Keselowski Advanced Manufacturing

“I believe firmly in manufacturing, and I believe firmly that additive manufacturing is going to improve the human experience in a significant way. What that’s going to be is hard to say. Metal additive manufacturing, to me, I don’t want to oversell it, but it feels like the new Internet. It’s the technology that’s going to take us not just to space, like we’ve been, but space like going to Mars. It’s the technology that’s going to make us live healthier and longer. If you look at some of the medical tools that are out there, they are made possible only by 3D printing out of metal.

“It’s the technology that’s going to enable things like nuclear fusion because of the doors it opens in cooling and exotic materials that were previously closed have somewhat prohibited nuclear fusion from developing. This technology is potentially going to open those doors. And that’s just the start. We don’t know how big it’s going to be. We’re limited by our own imagination, much like the early days of the Internet.”

(Photo credit: Sarah Crabill/Getty Images)

The Potential for Additive Manufacturing

“With additive manufacturing, first off, you can use exotic materials with less economical restrictions because you have less waste. Most manufacturing processes are subtractive, which means you start with a block of something and you whittle it down into something. When you start to get into high-end precious metals, you can’t have waste. Waste is too expensive. With that in mind, this process has much less waste, which makes that more economical. And a lot of these high-end materials are toxic, so it reduces exposure to that, which opens more robust manufacturing of exotic materials.

“Probably the most critical thing that manufacturing opens up is unique designs. Because you’re printing, which means you’re building rather than subtracting, you can build pieces with passageways. And not that you couldn’t build pieces with passageways before—you could—but more advanced passageways with additive. Which means you can build lighter structures of high strength through lattice design works. You can build structures that [transport] fluids in advanced ways, which increases thermal management and fluid-control management.”

Use Cases for This Technology

“There’s one case study that’s probably the best case study that exists.

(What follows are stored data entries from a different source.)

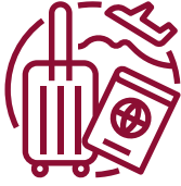
Halal Travel & Tourism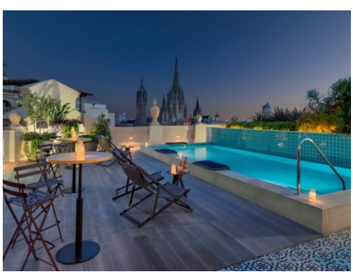
PLUNGE POOL – TERRASSA DEL GÒTIC

It's the perfect outdoor spot to enjoy a delicious cocktail and signature tapas in spring and summer.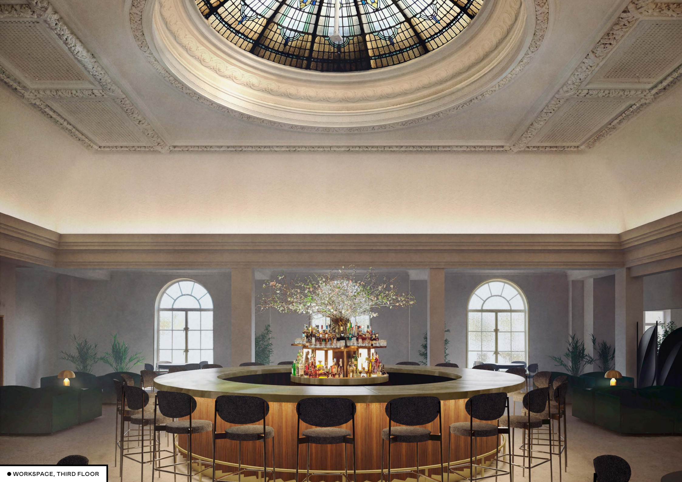
● WORKSPACE, THIRD FLOOR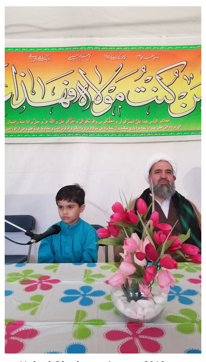
United Ghadeer - August 2019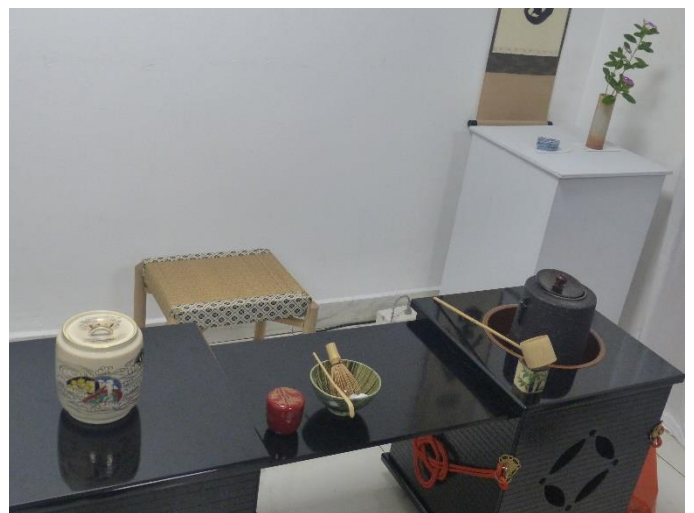
Tea Ceremony table

And that’s the GE Leap fuel nozzle. Essentially it costs less, it operates to tighter tolerances, it has less inventory so you have less waste, and it’s more reliable. All of that is a lot of jargon but, to me, one of the coolest parts is they were able to increase their jet engine performance and they can now burn less fuel. If you fly on a plane that has a GE Leap engine in it, you’re burning less fuel, which means you’re better on the environment and you can still travel at high speeds.

“Medical is really interesting to me. Every human body is unique, and in manufacturing, we’re caught up in one-size-fits-all. Right now, if you become seriously injured and require a skeletal implant, it used to be that, when you would get surgery, your doctor might go up to a wall and there would be a handful of options. He would grab one off the wall and say, ‘This looks like it’s about your size.’ Well, the human body doesn’t work that way. Nobody’s one size. We’re all slightly different. Additive creates the possibility—and it already has, in this example—of printing specific to your body. Right now, if you break your hip and you’re with a good doctor at least, you’re going to get a Stryker 3D-printed hip replacement. They’re going to scan your body, and they’re probably going to print it perfect to your size.

Technology Expertise in the Job Market

“There’s a reason why 3D printing hasn’t existed for the last few centuries. It’s incredibly difficult to do. Incredibly difficult. It’s also super important. The type of people that are going to run these machines and are going to run these efforts right now are Ph.D.’s. It takes an extremely educated workforce to operate this equipment.

“There’s going to be a wave of high-end jobs coming up for this sector. We’re looking for people that are four-, six-, eight-year college grads because the technology is hard to do and requires an advanced understanding. You might still call them blue-collar jobs, but they’re really high-end blue-collar jobs. It’s almost a new color of manufacturing job.”

Brad Keselowski reviewed this content before publication.